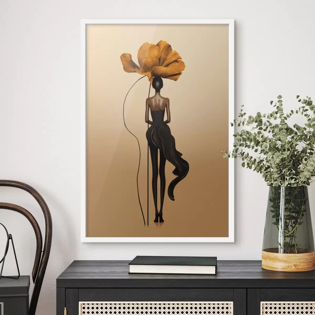 Poster Figurine stylisée dont la tête est une grande fleur f48618
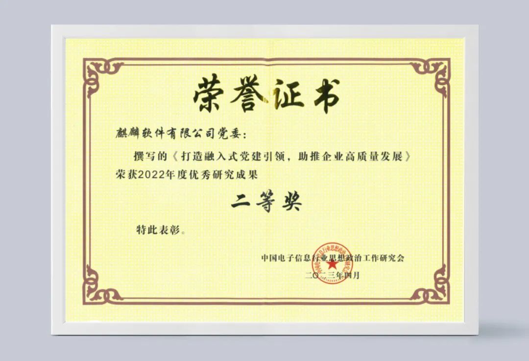 近日,中国电子信息行业思想政治工作研究会发布《关于表彰2021、2022年度优秀研究成果的决定》。麒麟软件申报课题《打造融入式党建引领,助推企业高质量发展》荣获2022年度优秀研究成果二等奖。
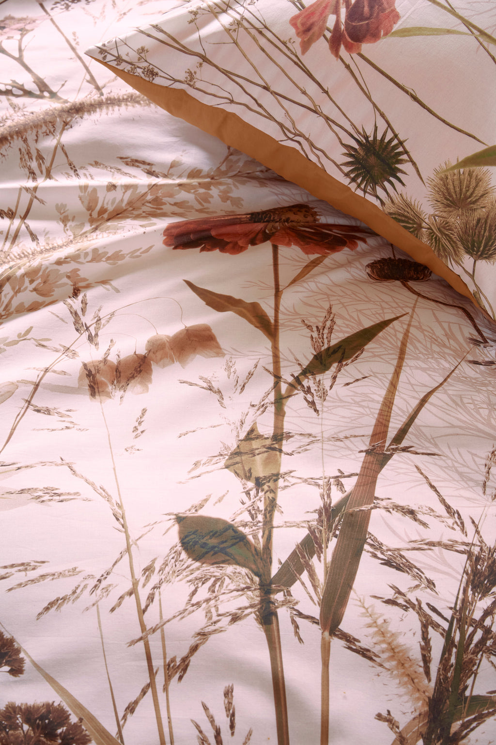 The Cely duvet cover by Beddinghouse adds summer warmth to cold winter days. Inspired by the beloved style of garden designer Piet Oudolf, this bang-on duvet cover print depicts grasses and wildflowers. From allium to yarrow, and helenium to thistles; can you spot them all? The captivating summery print gleams in warm, muted colours against a peachy background. The backside of the duvet cover is uni-dyed camel.
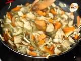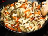 Wenn das Hähnchen zu garen beginnt, fügen Sie die in Streifen geschnittenen Karotten, den in dünne Streifen geschnittenen Kohl und die Pilze hinzu. 5 Minuten anbraten.
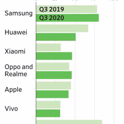 Counterpoint Research 针对全球智能机出货量 2020Q3 的排名。全球手机 Top 6 中,中国占据了四个品牌。
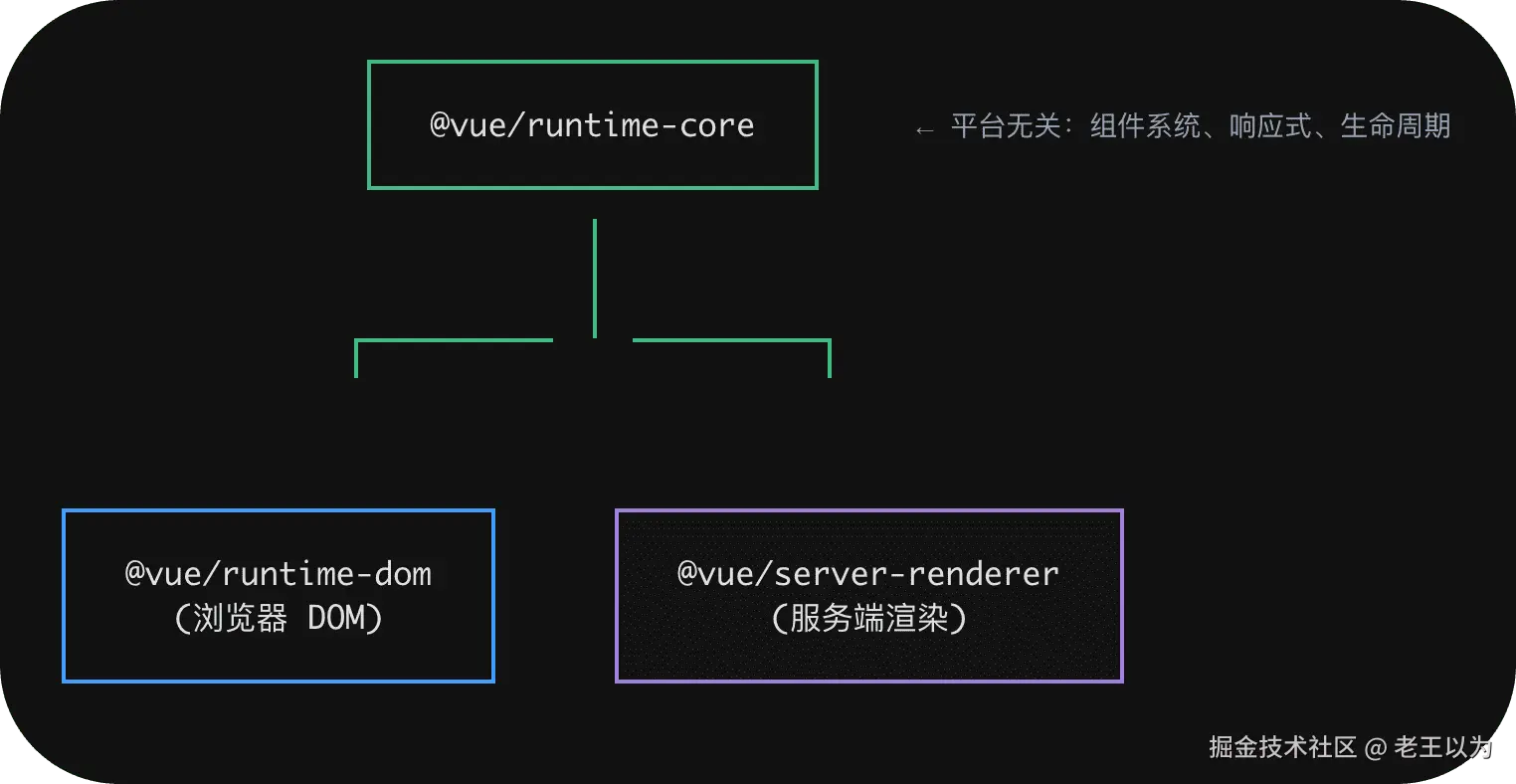 @vue/runtime-core提供平台无关的运行时@vue/runtime-dom处理浏览器 DOM 操作@vue/server-renderer将虚拟 DOM 转化为 HTML 字符串
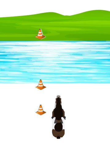| 3 | From start cone, enter water at cone, stand in center on loose rein for 3 seconds, exit at the exit cone. |
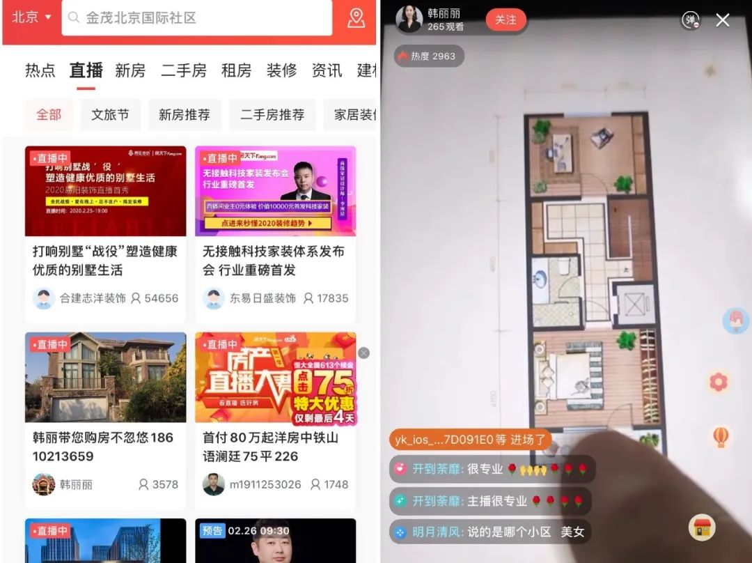 淘宝在2020年2月公布的数据显示,一天之内,全国近百个城市的5000多位房地产置业顾问,在淘宝直播开通了“云卖房”,围观人数超过200万;2月中下旬,快手商家号也为房产行业推出了特别直播活动,最高人气直播间的累计参与人数高达10万。
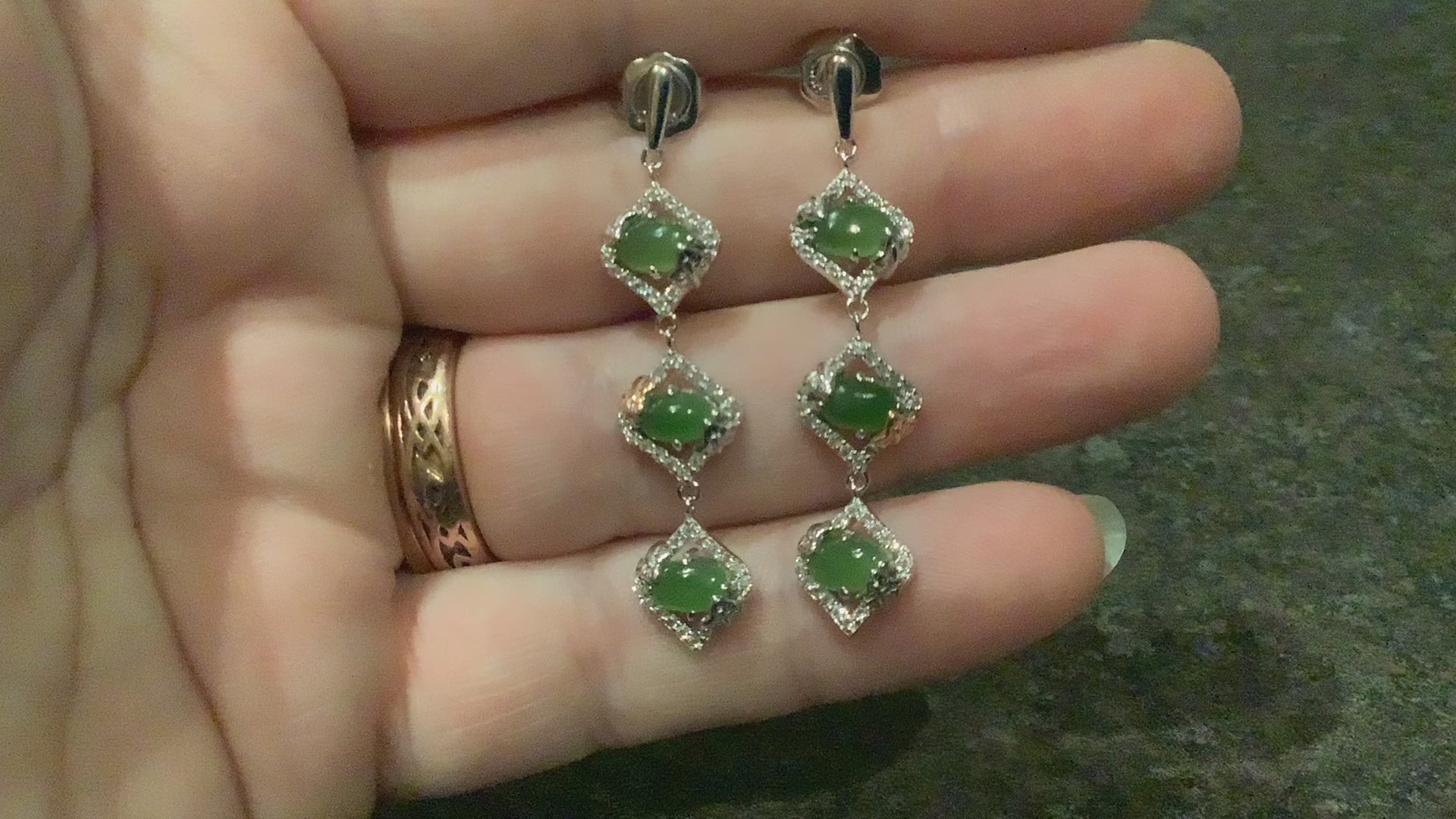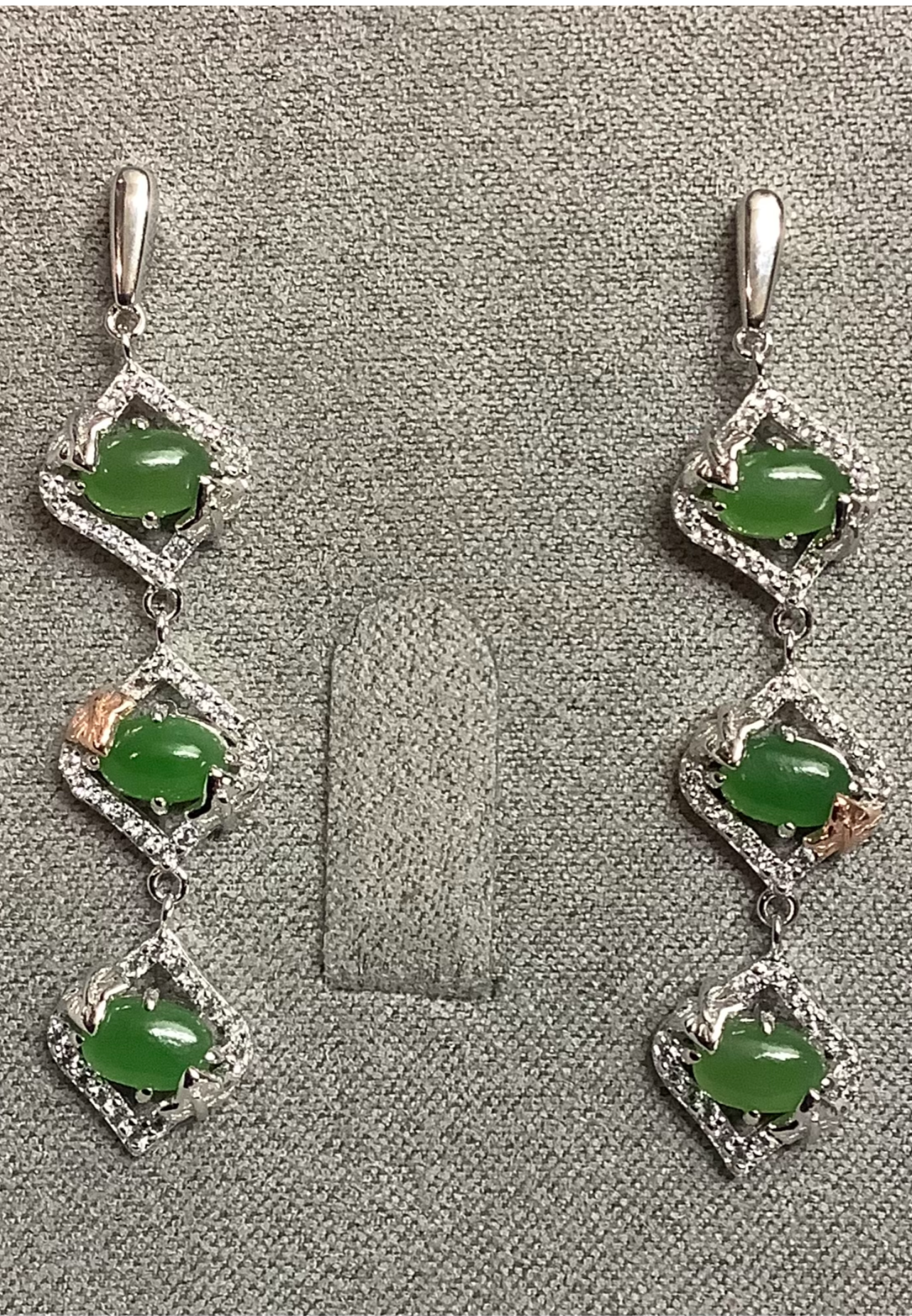 Clogau green jasper Ivy Leaves white topaz earrings silver rose gold RRP £330
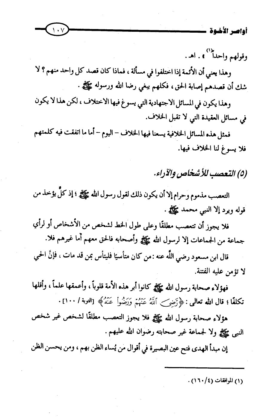 فلا يجوز أن تتعصب مطلقاً وعلى طول الخط لشخص من الأشخاص أو لرأى جماعة من الجماعات إلا لرسول الله - صلى الله عليه وسلم - وأصحابه فالحق معهم أما غيرهم فلا.
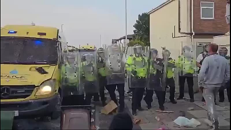 Een groep van zo’n tweehonderd mensen trok daarop naar de stad en botste met de politie bij een moskee. De groep gooide stenen en flessen naar de moskee en agenten. Volgens de politie gaat het om aanhangers van de extreemrechtse, anti-islamitische English Defence League (EDL).
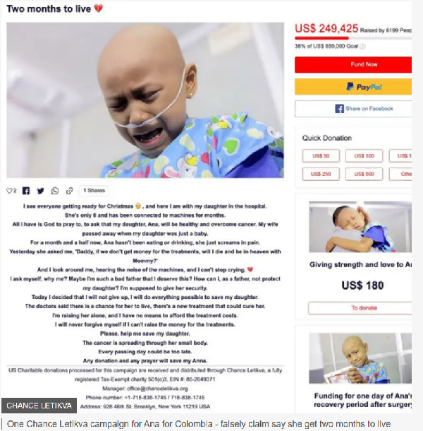 BBC find out say scammers scam children wey get cancer millions from money dem raise for dia treatment
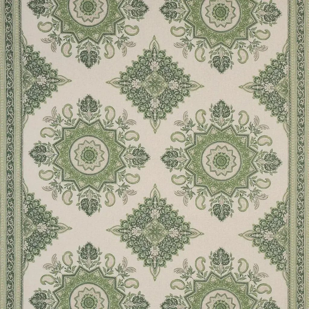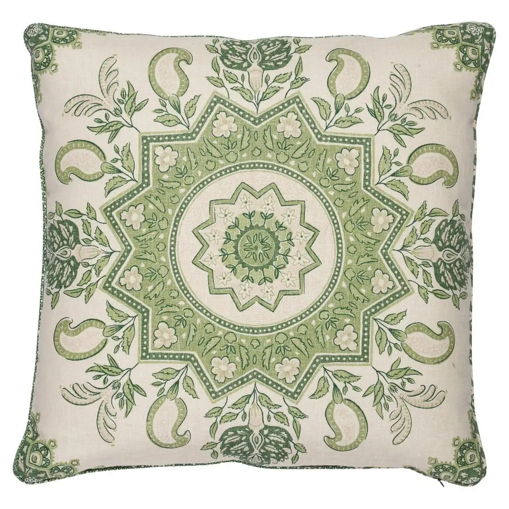 This pillow features Montecito Medallion by Mark D. Sikes for Schumacher with a self welt finish. This stunning large-scale medallion in leaf green evokes timeless motifs from India and Turkey for a chic, global vibe. Pillow includes a feather/down fill insert and hidden zipper closure.If out of stock, lead-time is 15-20 business days approximately.
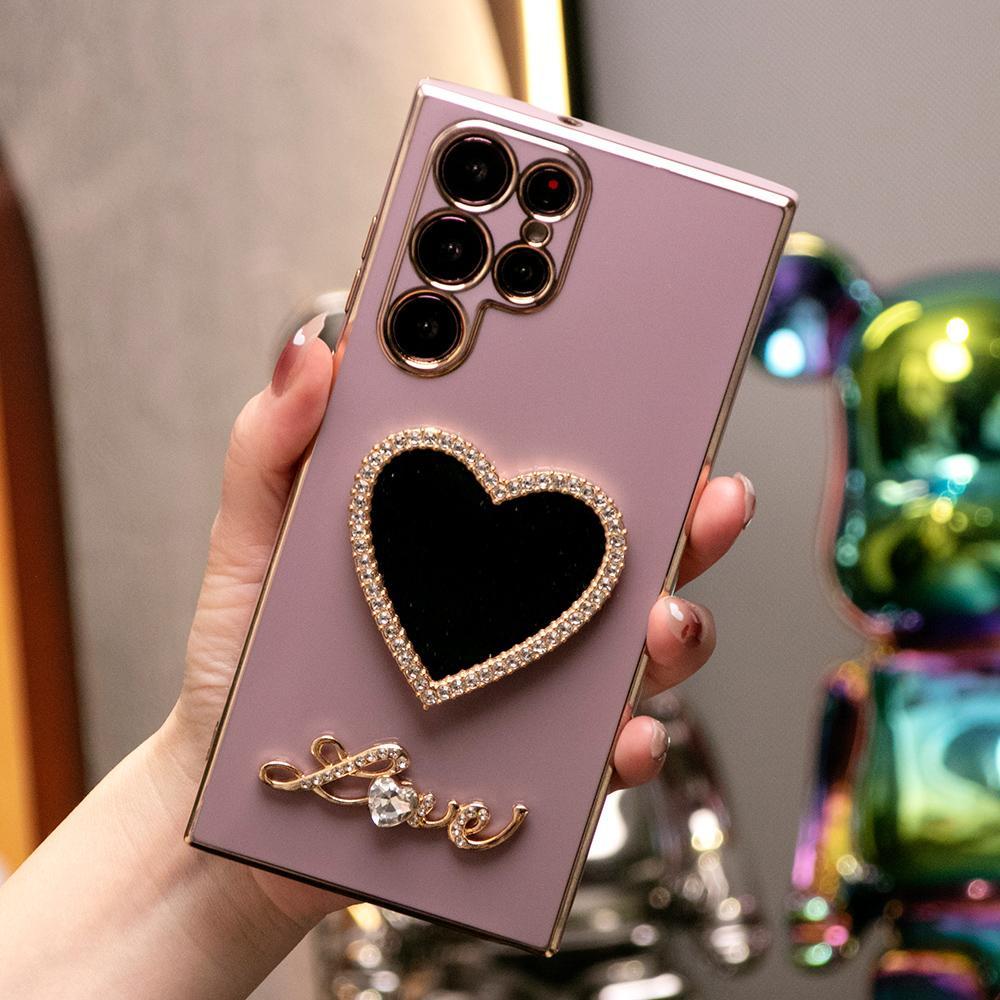 Love Heart Mirror Plating Soft Phone Case for Samsung A13 A14 A15 A23 A24 A25 A33 A34 A35 A52 A53 A54 A55 A72 A73
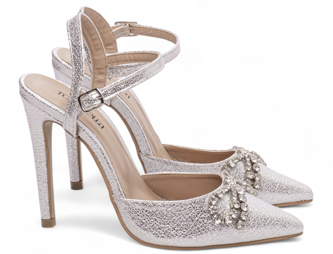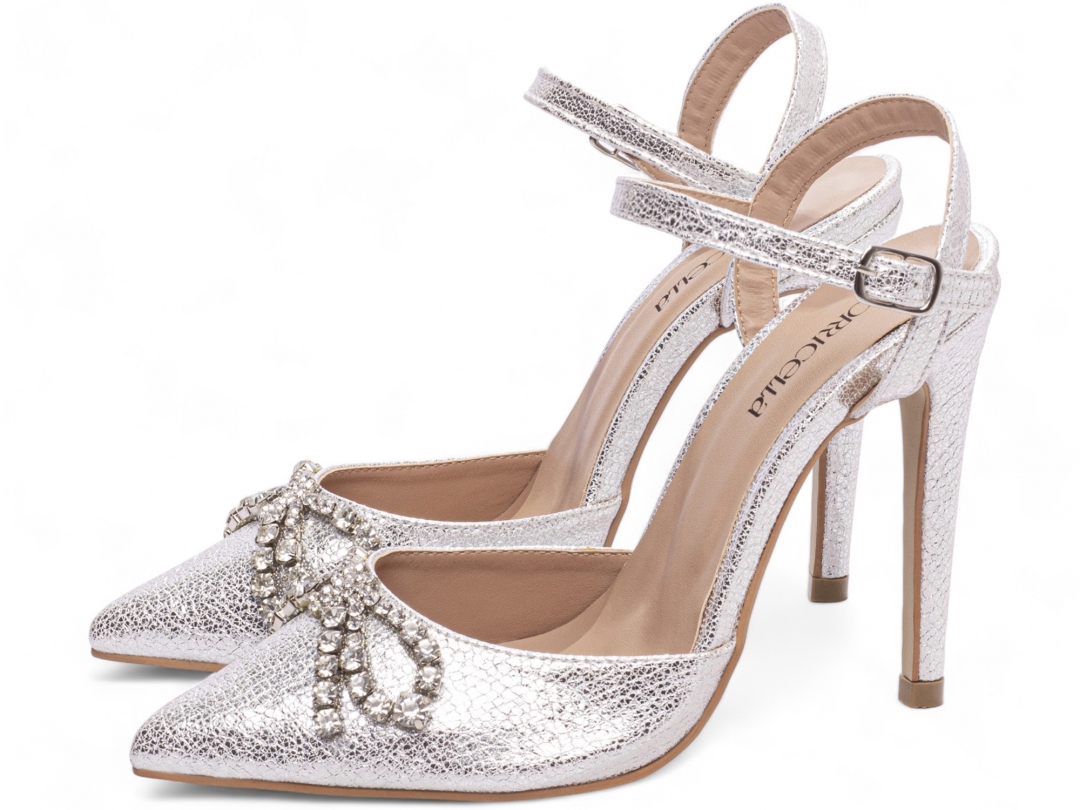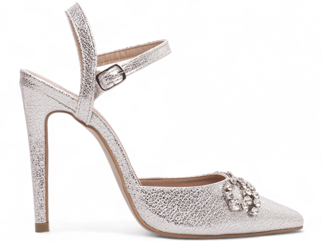 Salto: 12 cm de Altura e Revestido em Napa Metalizado Prata

********************

◆ WHAT NEEDS TO BE DONE
This exercise asks for an exact copy of the lines from the first one in the data through the line that contains "The Cely duvet", pictures excluded.

◆ RESPONSE BELOW
 Poster Figurine stylisée dont la tête est une grande fleur f48618
 近日,中国电子信息行业思想政治工作研究会发布《关于表彰2021、2022年度优秀研究成果的决定》。麒麟软件申报课题《打造融入式党建引领,助推企业高质量发展》荣获2022年度优秀研究成果二等奖。
 The Cely duvet cover by Beddinghouse adds summer warmth to cold winter days. Inspired by the beloved style of garden designer Piet Oudolf, this bang-on duvet cover print depicts grasses and wildflowers. From allium to yarrow, and helenium to thistles; can you spot them all? The captivating summery print gleams in warm, muted colours against a peachy background. The backside of the duvet cover is uni-dyed camel.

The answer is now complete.